Start to finish, retype the entries exactly while omitting the pictures.
◇ ◇ ◇
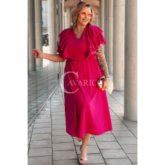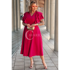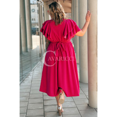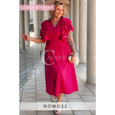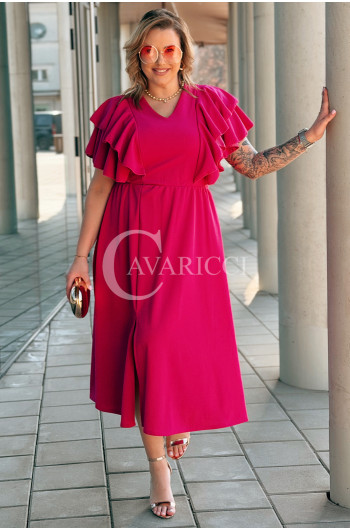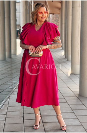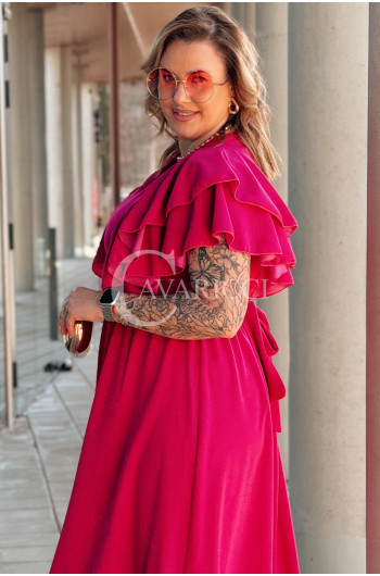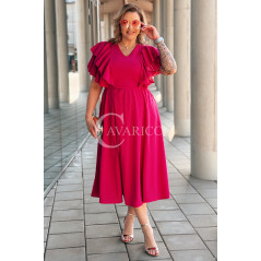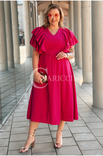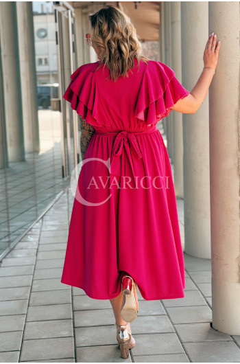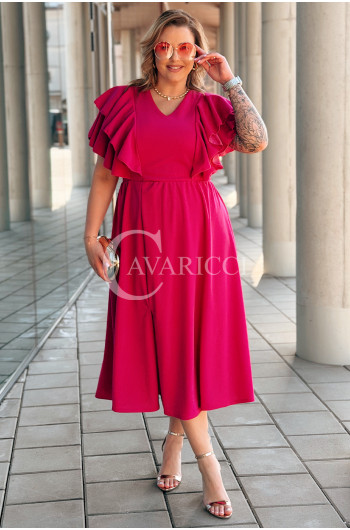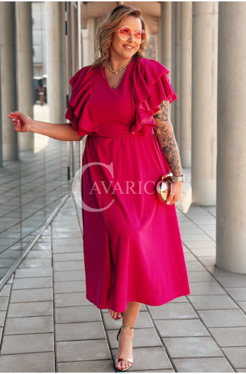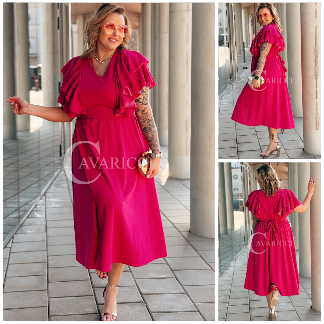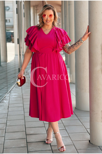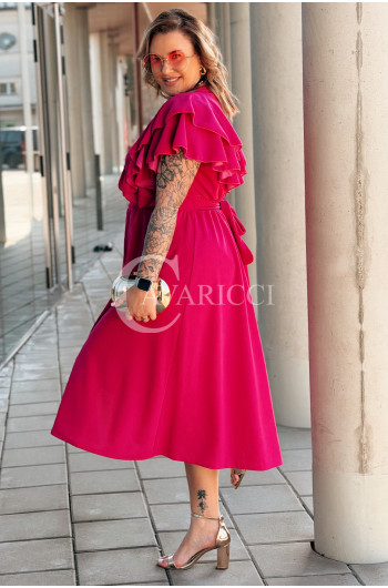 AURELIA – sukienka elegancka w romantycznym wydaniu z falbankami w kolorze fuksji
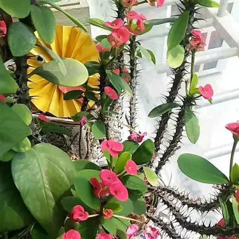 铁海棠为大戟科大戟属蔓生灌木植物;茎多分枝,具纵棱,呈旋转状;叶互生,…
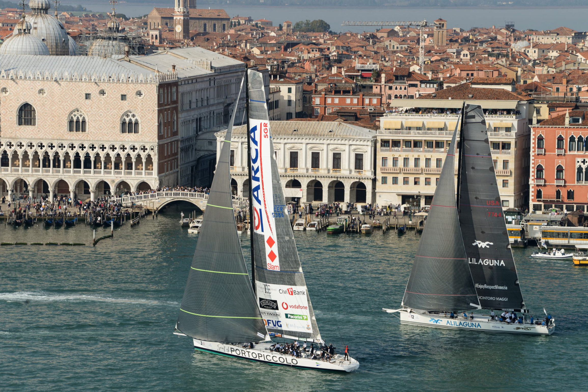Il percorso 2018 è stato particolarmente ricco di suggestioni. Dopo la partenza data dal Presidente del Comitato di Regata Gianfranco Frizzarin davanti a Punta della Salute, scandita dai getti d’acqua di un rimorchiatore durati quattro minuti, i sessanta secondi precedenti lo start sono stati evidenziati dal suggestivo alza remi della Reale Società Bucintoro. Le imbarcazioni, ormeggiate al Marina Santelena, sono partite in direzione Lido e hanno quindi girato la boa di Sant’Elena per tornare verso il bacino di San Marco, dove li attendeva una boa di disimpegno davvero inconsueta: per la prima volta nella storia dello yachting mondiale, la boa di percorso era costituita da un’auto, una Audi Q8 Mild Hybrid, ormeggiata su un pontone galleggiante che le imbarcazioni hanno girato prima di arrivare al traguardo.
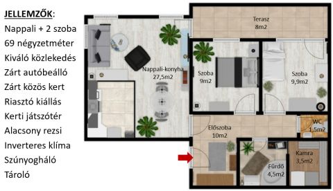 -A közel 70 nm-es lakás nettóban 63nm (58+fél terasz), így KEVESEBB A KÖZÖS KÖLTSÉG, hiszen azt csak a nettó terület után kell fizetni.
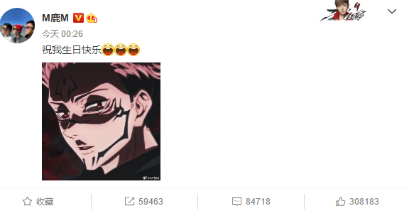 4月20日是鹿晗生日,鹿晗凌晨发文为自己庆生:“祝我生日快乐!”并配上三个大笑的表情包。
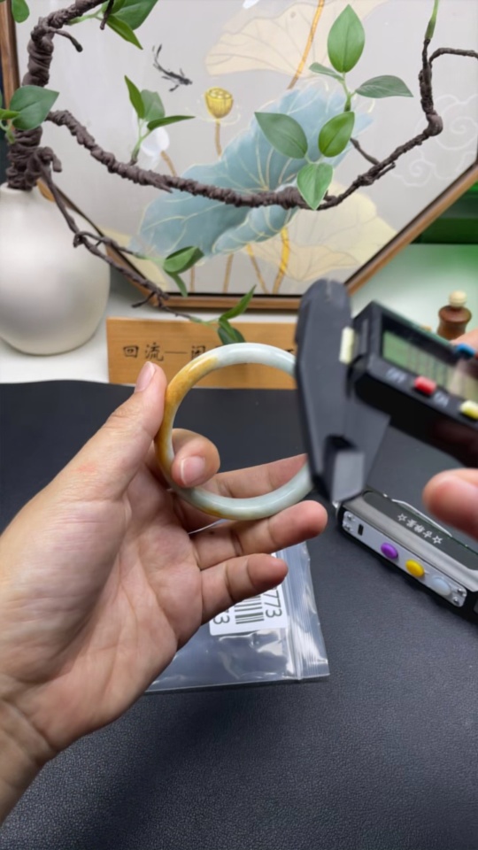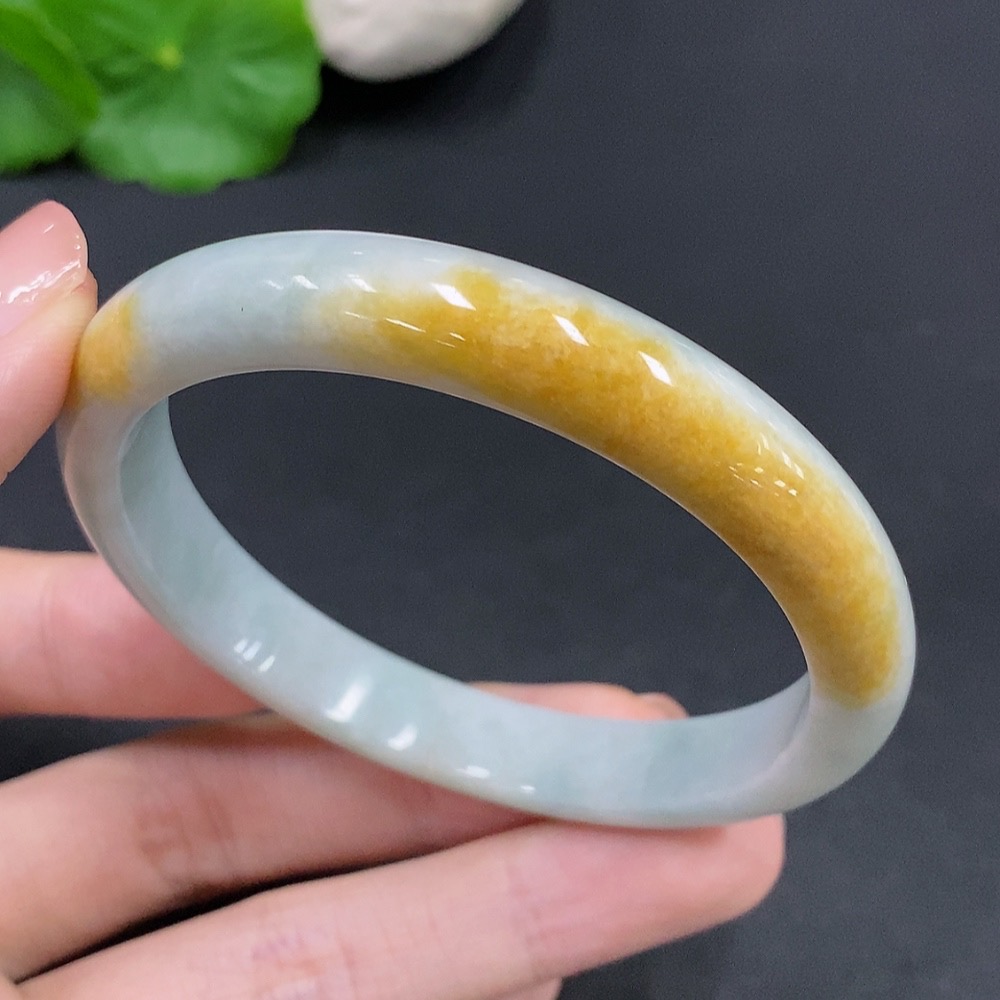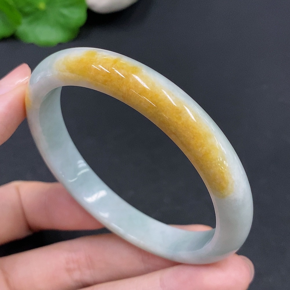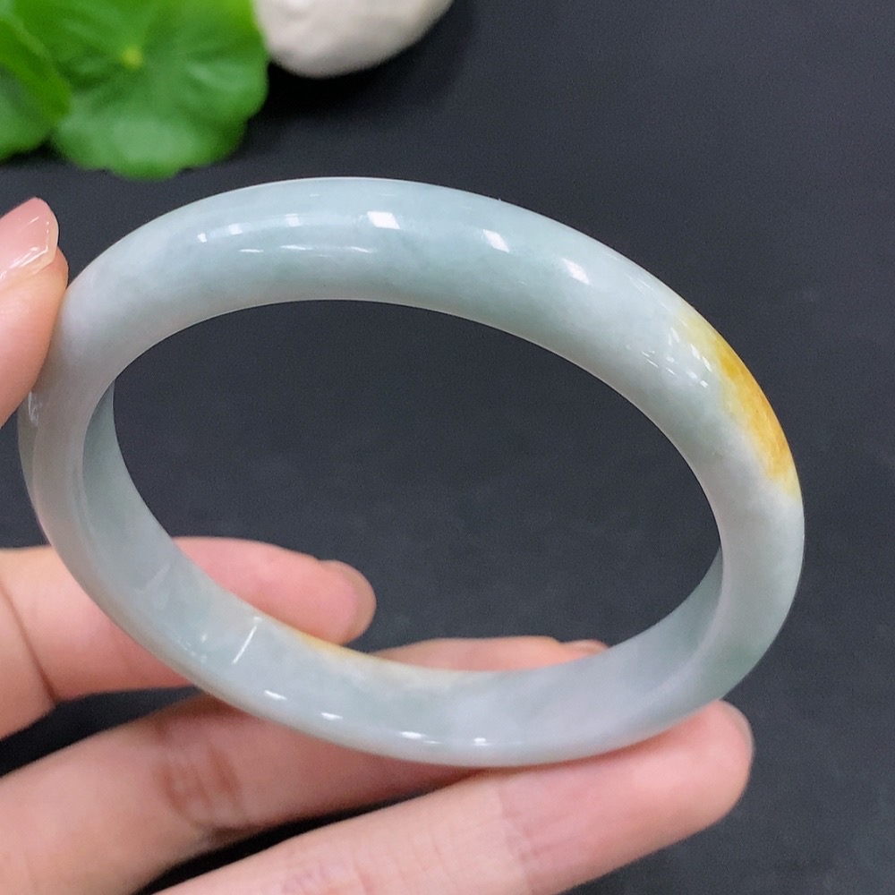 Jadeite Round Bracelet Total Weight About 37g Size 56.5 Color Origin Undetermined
◇ ◇ ◇
#### TASK ANSWER
 AURELIA – sukienka elegancka w romantycznym wydaniu z falbankami w kolorze fuksji
 铁海棠为大戟科大戟属蔓生灌木植物;茎多分枝,具纵棱,呈旋转状;叶互生,…
Il percorso 2018 è stato particolarmente ricco di suggestioni. Dopo la partenza data dal Presidente del Comitato di Regata Gianfranco Frizzarin davanti a Punta della Salute, scandita dai getti d’acqua di un rimorchiatore durati quattro minuti, i sessanta secondi precedenti lo start sono stati evidenziati dal suggestivo alza remi della Reale Società Bucintoro. Le imbarcazioni, ormeggiate al Marina Santelena, sono partite in direzione Lido e hanno quindi girato la boa di Sant’Elena per tornare verso il bacino di San Marco, dove li attendeva una boa di disimpegno davvero inconsueta: per la prima volta nella storia dello yachting mondiale, la boa di percorso era costituita da un’auto, una Audi Q8 Mild Hybrid, ormeggiata su un pontone galleggiante che le imbarcazioni hanno girato prima di arrivare al traguardo.
 -A közel 70 nm-es lakás nettóban 63nm (58+fél terasz), így KEVESEBB A KÖZÖS KÖLTSÉG, hiszen azt csak a nettó terület után kell fizetni.
 4月20日是鹿晗生日,鹿晗凌晨发文为自己庆生:“祝我生日快乐!”并配上三个大笑的表情包。
 Jadeite Round Bracelet Total Weight About 37g Size 56.5 Color Origin Undetermined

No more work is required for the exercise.